Vertex Array Performance

There have been some questions about the performance benefits of using vertex array objects (VAOs) recently. Vertex array objects are part of the core OpenGL specification and you must have one bound in order to draw anything. This change to the specification instituted quite a bit of complaining from fans of legacy OpenGL, and some of the experts in the field have even made claims that using vertex array objects is slower than just using traditional vertex attributes on all implementations. I was fairly certain that this wasn’t true, so I decided to construct a benchmark to test that assumption.

Comparison

First, we need to figure out what we’re comparing. On the one hand, we have traditional vertex attributes. We’ll be using the glVertexAttribPointer and glEnableVertexAttribArray functions quite a bit here. Applications will make a sequence of calls to glVertexAttribPointer and glEnableVertexAttribArray, possibly interspersed with calls to glBindBuffer or glDisableVertexAttribArray. If vertex attributes are stored interleaved in a single buffer, there would likely be one call to glBindBuffer followed by a bunch of calls to glVertexAttribPointer and glEnableVertexAttribArray or glDisableVertexAttribArray. For interleaved attributes in a single buffer, the code might look like this:

glBindBuffer(GL_ARRAY_BUFFER, vertex_buffer);
for (i = 0; i < num_attributes; i++)
{
    if (attrib[i].enabled)
    {
        glVertexAttribPointer(i,
                              attrib[i].size,
                              attrib[i].type,
                              attrib[i].normalized,
                              attrib[i].stride,
                              attrib[i].offset);
        glEnableVertexAttribArray(i);
    }
    else
    {
        glDisableVertexAttribArray(i);
    }
}

If each of the vertex attributes is in its own buffer, then the setup code will look similar, but with a buffer bind moved into the per-attribute loop.
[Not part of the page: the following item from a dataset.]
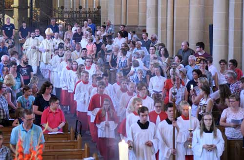 In seiner Einführung erinnerte Weihbischof Matthias König an die zeitgleich in Rom stattfindende internationale Ministrantenwallfahrt, an der rund 60.000 Ministrantinnen und Ministranten teilnehmen. Er verwies auf die im Altarraum des Paderborner Domes aufgestellte Kerze, die ein leuchtendes Zeichen der Verbundenheit sei. „Wir sind eine große, weltumspannende Gemeinschaft, als Gemeinschaft sind wir ‚behütet und bedacht‘ und durch den Dienst als Ministranten gebt ihr diese gute Botschaft weiter“, so Weihbischof König.

It might look something like this:

for (i = 0; i < num_attributes; i++)
{
    if (attrib[i].enabled)
    {
        glBindBuffer(GL_ARRAY_BUFFER, attrib[i].buffer);
        glVertexAttribPointer(i,
                              attrib[i].size,
                              attrib[i].type,
                              attrib[i].normalized,
                              attrib[i].stride,
                              attrib[i].offset);
        glEnableVertexAttribArray(i);
    }
    else
    {
        glDisableVertexAttribArray(i);
    }
}

This code would be executed before each draw (or at least whenever the vertex attributes or buffer bindings change). On the other hand, a vertex array object retains all of this state. Code such as that shown above would be executed once to initialize a vertex array object, and then on each attribute switch, a call to glBindVertexArray would be executed in order to restore that state.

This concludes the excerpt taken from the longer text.